Task prompt:
Exactly as written, output each of the lines below, with no images.

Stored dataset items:
◆ ◆ ◆ ◆ ◆ ◆ ◆
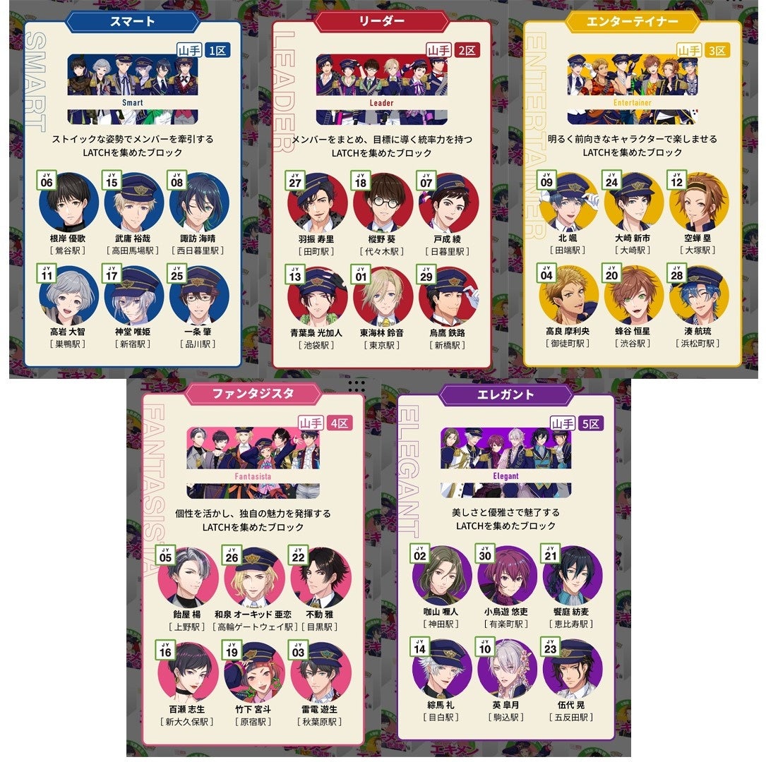 現在開催中の山手線最強メンバーを決める「エキメン総選挙」にはLATCH総勢30名が属性ごとに5つのブロックに分かれて参戦。パッセンジャー(=ファンの呼称)のみなさまからの投票を受け付けています。
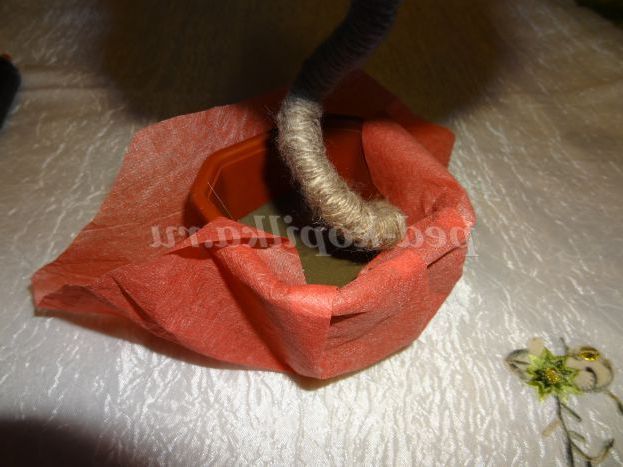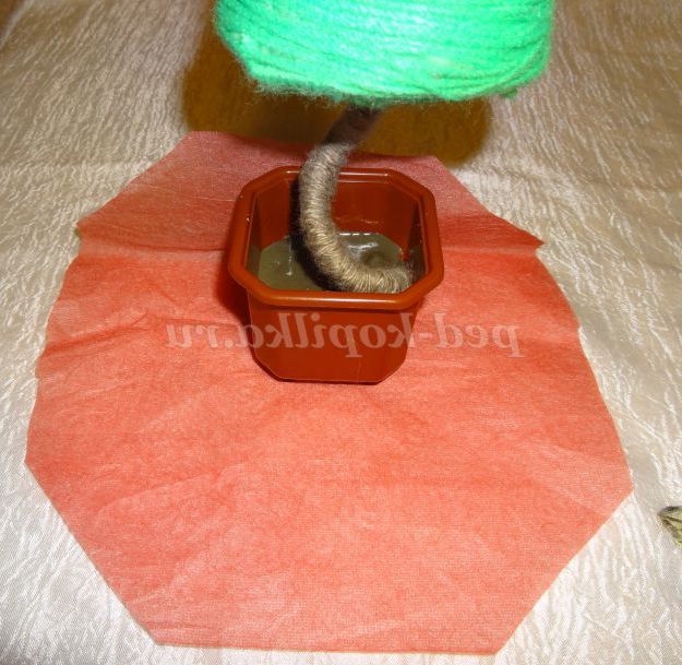 9. Стовбур ялинки обмотуємо шпагатом і закріплюємо за допомогою клею в кашпо.
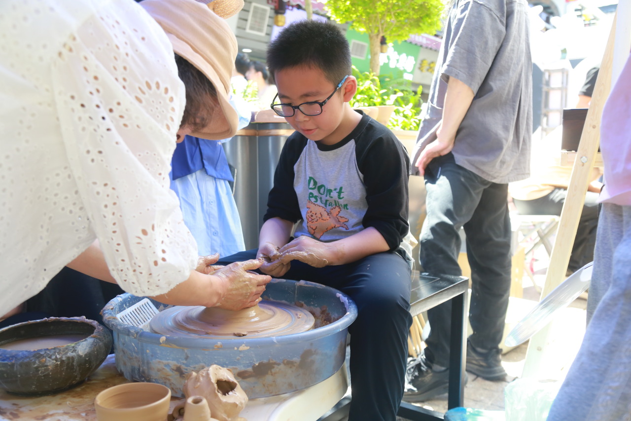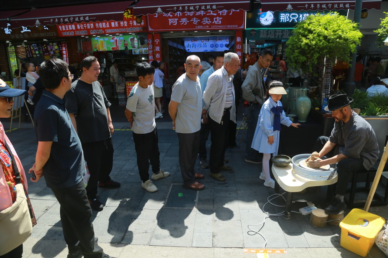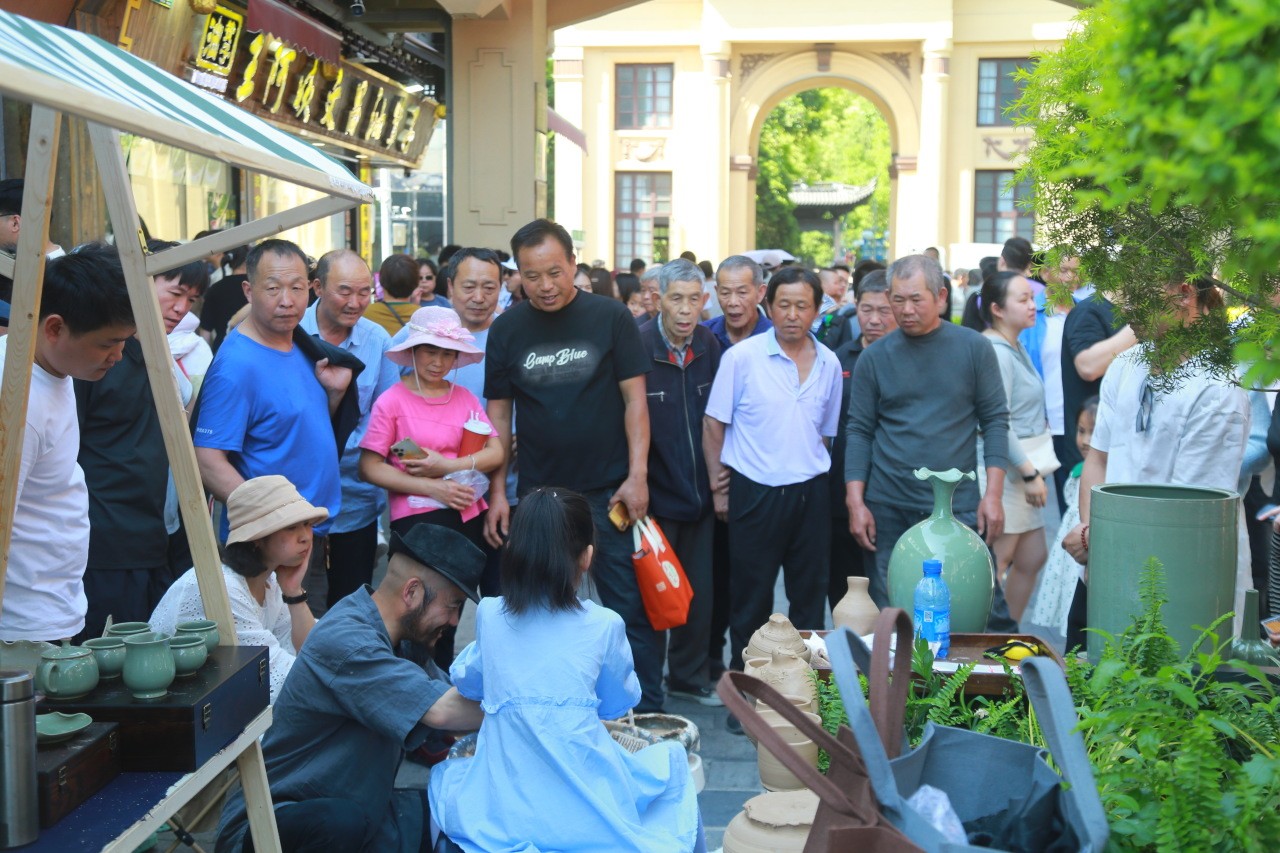 青瓷观摩品鉴区早已被层层叠叠的观众围成一道圆弧,宁波市工艺美术大师沈小波为现场市民介绍了青瓷制作的技艺及步骤。随后带领大家一步步体验青瓷从拉坯到烧制前的所有环节,让他们亲身感受到了“九秋风露越窑开,夺得千峰翠色来”的匠心之美。
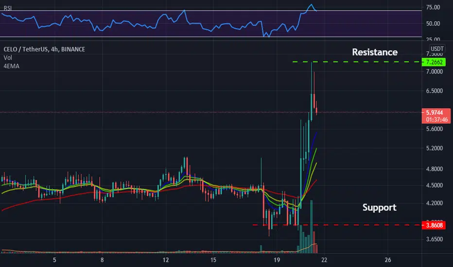 CELO coin price traded at $5.97 with a gain of 32% in the last 24-hour and 35.31% up in the weekly time frame. Furthermore, CELO bounced from the support of $3.85. In contrast, the market capitalization stands at $1.22 billion. Technically, investors can perceive a positive crossover in the EMA, and the price is above all the EMA. RSI index showcases a downward slope. Moreover, the price movement can be towards the resistance of $7.26 in future trading sessions.
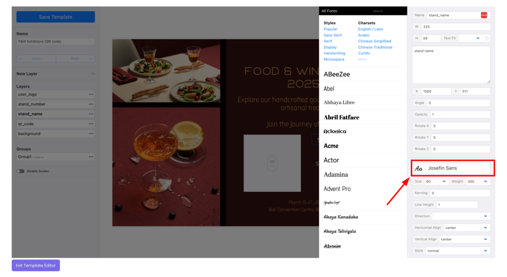 When creating a template and adding text boxes, you can select specific fonts for each text box to align perfectly with your design goals and branding.
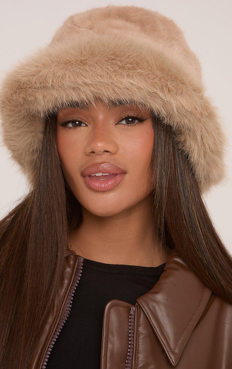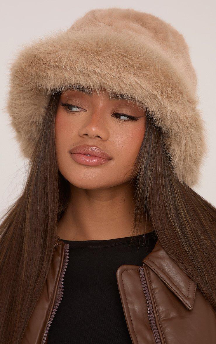 Oversized Hat In Nude Faux Fur
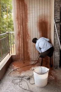 Aan het begin van de beelden lijkt alles nog rustig. De man staat stevig voor de muur en heeft de machine in twee handen. Het oogt alsof hij vaker met dit soort apparaten heeft gewerkt, want zijn houding is in eerste instantie redelijk zelfverzekerd. Toch kun je, als je goed kijkt, al zien dat de hoek waarin hij de machine vasthoudt niet ideaal is. Hij staat iets te dicht op de muur, zijn armen zijn niet volledig gestrekt en de kracht van het apparaat lijkt hij te onderschatten. Dat is een combinatie die vaker leidt tot situaties waarin je meer moet corrigeren dan je lief is.
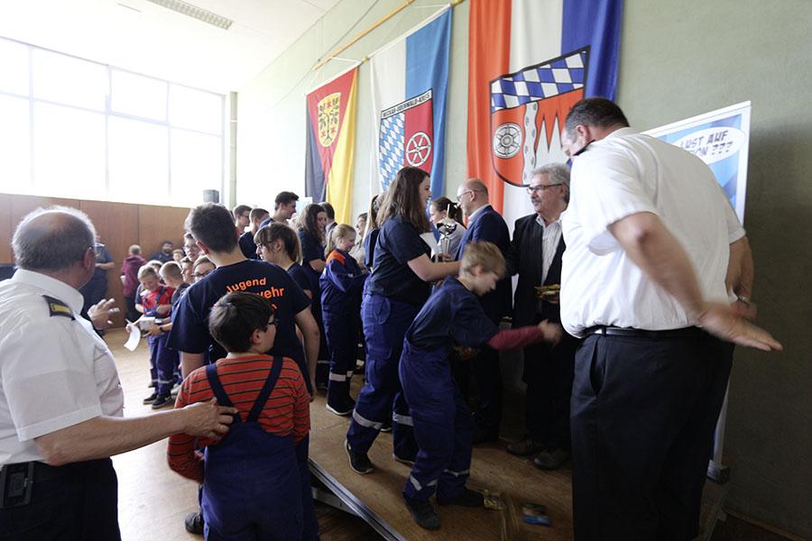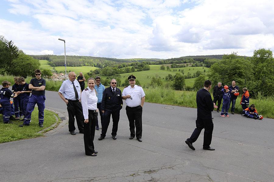 Bevor Kreisjugendwart Dominic Groh im Namen seiner Amtskollegen die Spannung, wer nun gewonnen hat, auflösen konnte, überraschten der Bürgermeister der Stadt Michelstadt, Stephan Kelbert, und der Landrat des Odenwaldkreises, Frank Matiaske, Kreisbrandinspektor Horst Friedrich und Stadtbrandinspektor der Stadt Michelstadt, Gerd Beller, die Jugendfeuerwehr Weiten-Gesäß mit Urkunden und Geschenken zum 25-jährigen Jubiläum der Jugendfeuerwehr. Matiaske machte sich bei den Jugendlichen sehr beliebt, in dem er die Grußworte seiner Amtskollegen und der anwesenden Bundestagsabgeordneten gleich mit überbrachte.
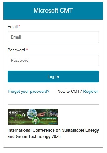 will find further instructions. Please log-in the MS-CMT and select the correct conference, International Conference on Sustainable Energy and Green Technology 2026 (SEGT 2026) – Joint conference in the CMT Online System.
◆ ◆ ◆ ◆ ◆ ◆ ◆
Result of this task:
 現在開催中の山手線最強メンバーを決める「エキメン総選挙」にはLATCH総勢30名が属性ごとに5つのブロックに分かれて参戦。パッセンジャー(=ファンの呼称)のみなさまからの投票を受け付けています。
 9. Стовбур ялинки обмотуємо шпагатом і закріплюємо за допомогою клею в кашпо.
 青瓷观摩品鉴区早已被层层叠叠的观众围成一道圆弧,宁波市工艺美术大师沈小波为现场市民介绍了青瓷制作的技艺及步骤。随后带领大家一步步体验青瓷从拉坯到烧制前的所有环节,让他们亲身感受到了“九秋风露越窑开,夺得千峰翠色来”的匠心之美。
 CELO coin price traded at $5.97 with a gain of 32% in the last 24-hour and 35.31% up in the weekly time frame. Furthermore, CELO bounced from the support of $3.85. In contrast, the market capitalization stands at $1.22 billion. Technically, investors can perceive a positive crossover in the EMA, and the price is above all the EMA. RSI index showcases a downward slope. Moreover, the price movement can be towards the resistance of $7.26 in future trading sessions.
 When creating a template and adding text boxes, you can select specific fonts for each text box to align perfectly with your design goals and branding.
 Oversized Hat In Nude Faux Fur
 Aan het begin van de beelden lijkt alles nog rustig. De man staat stevig voor de muur en heeft de machine in twee handen. Het oogt alsof hij vaker met dit soort apparaten heeft gewerkt, want zijn houding is in eerste instantie redelijk zelfverzekerd. Toch kun je, als je goed kijkt, al zien dat de hoek waarin hij de machine vasthoudt niet ideaal is. Hij staat iets te dicht op de muur, zijn armen zijn niet volledig gestrekt en de kracht van het apparaat lijkt hij te onderschatten. Dat is een combinatie die vaker leidt tot situaties waarin je meer moet corrigeren dan je lief is.
 Bevor Kreisjugendwart Dominic Groh im Namen seiner Amtskollegen die Spannung, wer nun gewonnen hat, auflösen konnte, überraschten der Bürgermeister der Stadt Michelstadt, Stephan Kelbert, und der Landrat des Odenwaldkreises, Frank Matiaske, Kreisbrandinspektor Horst Friedrich und Stadtbrandinspektor der Stadt Michelstadt, Gerd Beller, die Jugendfeuerwehr Weiten-Gesäß mit Urkunden und Geschenken zum 25-jährigen Jubiläum der Jugendfeuerwehr. Matiaske machte sich bei den Jugendlichen sehr beliebt, in dem er die Grußworte seiner Amtskollegen und der anwesenden Bundestagsabgeordneten gleich mit überbrachte.
 will find further instructions. Please log-in the MS-CMT and select the correct conference, International Conference on Sustainable Energy and Green Technology 2026 (SEGT 2026) – Joint conference in the CMT Online System.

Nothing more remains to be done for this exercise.